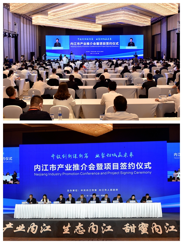 在第十八屆中國西部國際博覽會開幕前夕,9月15日下午4時,四川省內江市在成都舉行以「開放創新謀新篇 業聚甜城贏未來」為主題的產業推介會暨項目簽約儀式,推介內江新經濟產業集中發展區承接平台等45個項目(平台),簽約頁岩氣資源就地轉化利用等43個項目。
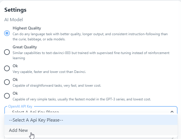 To configure your OpenAI API key within your AI Chat Bot, simply follow these steps:
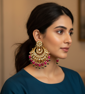 Styling: These are the perfect accessories to accentuate the elegance of your traditional outfit, furthermore, adding a perfect pop of color and edginess. The beautiful elements of the earrings go well with the saree or any Western dress. A statement earring is enough to make the entire outfit look amazing. It looks better with a solid color outfit or pastel outfit.
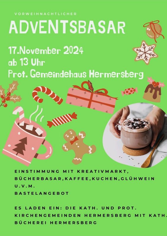 Wir nehmen auch dieses Jahr wieder beim ökumenischen Adventsbasar am 17.11.2024 teil. Wir freuen uns auf zahlreiches Kommen.
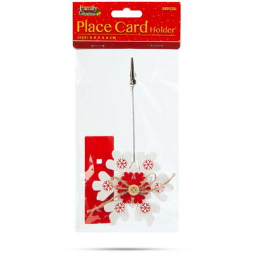Acest suport de card de Crăciun este alegerea perfectă pentru orice eveniment festiv, prânz sau cină. Marcați locul oaspeților tăi la masă sau pur și simplu urează-le un Crăciun Fericit! Felicitarea este realizată din lemn, un material atemporal și prietenos cu mediul, contribuind în același timp la decorul tău festiv. Clemele din partea de sus facilitează atașarea cartelei de locație. Cu aspectul său unic și fermecător, succesul este garantat!   Culori vesele Din lemn Usor de asamblat Baza stabila Clipuri puternice
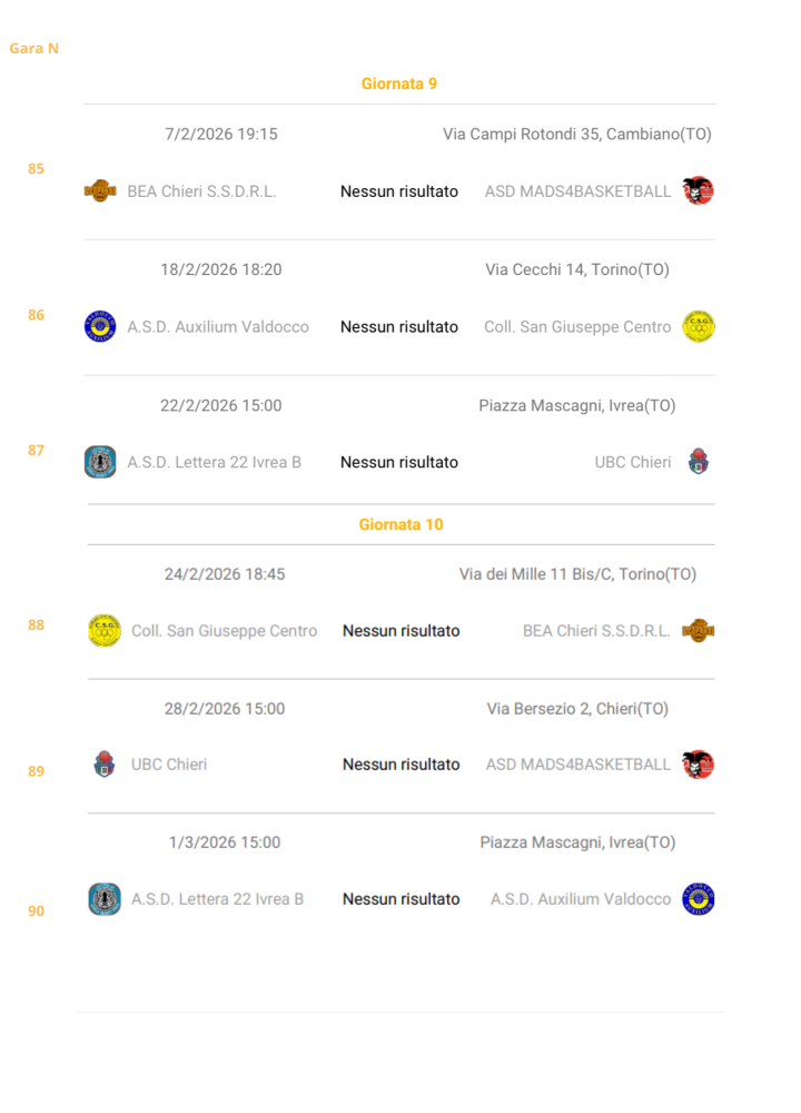 Stagione Sportiva 25-26 _ Calendario Categoria Under 17

**Action item:**
Could you output all of the entries above exactly? Leave the pictures out.

**Exercise answer:**
 在第十八屆中國西部國際博覽會開幕前夕,9月15日下午4時,四川省內江市在成都舉行以「開放創新謀新篇 業聚甜城贏未來」為主題的產業推介會暨項目簽約儀式,推介內江新經濟產業集中發展區承接平台等45個項目(平台),簽約頁岩氣資源就地轉化利用等43個項目。
 To configure your OpenAI API key within your AI Chat Bot, simply follow these steps:
 Styling: These are the perfect accessories to accentuate the elegance of your traditional outfit, furthermore, adding a perfect pop of color and edginess. The beautiful elements of the earrings go well with the saree or any Western dress. A statement earring is enough to make the entire outfit look amazing. It looks better with a solid color outfit or pastel outfit.
 Wir nehmen auch dieses Jahr wieder beim ökumenischen Adventsbasar am 17.11.2024 teil. Wir freuen uns auf zahlreiches Kommen.
Acest suport de card de Crăciun este alegerea perfectă pentru orice eveniment festiv, prânz sau cină. Marcați locul oaspeților tăi la masă sau pur și simplu urează-le un Crăciun Fericit! Felicitarea este realizată din lemn, un material atemporal și prietenos cu mediul, contribuind în același timp la decorul tău festiv. Clemele din partea de sus facilitează atașarea cartelei de locație. Cu aspectul său unic și fermecător, succesul este garantat!   Culori vesele Din lemn Usor de asamblat Baza stabila Clipuri puternice
 Stagione Sportiva 25-26 _ Calendario Categoria Under 17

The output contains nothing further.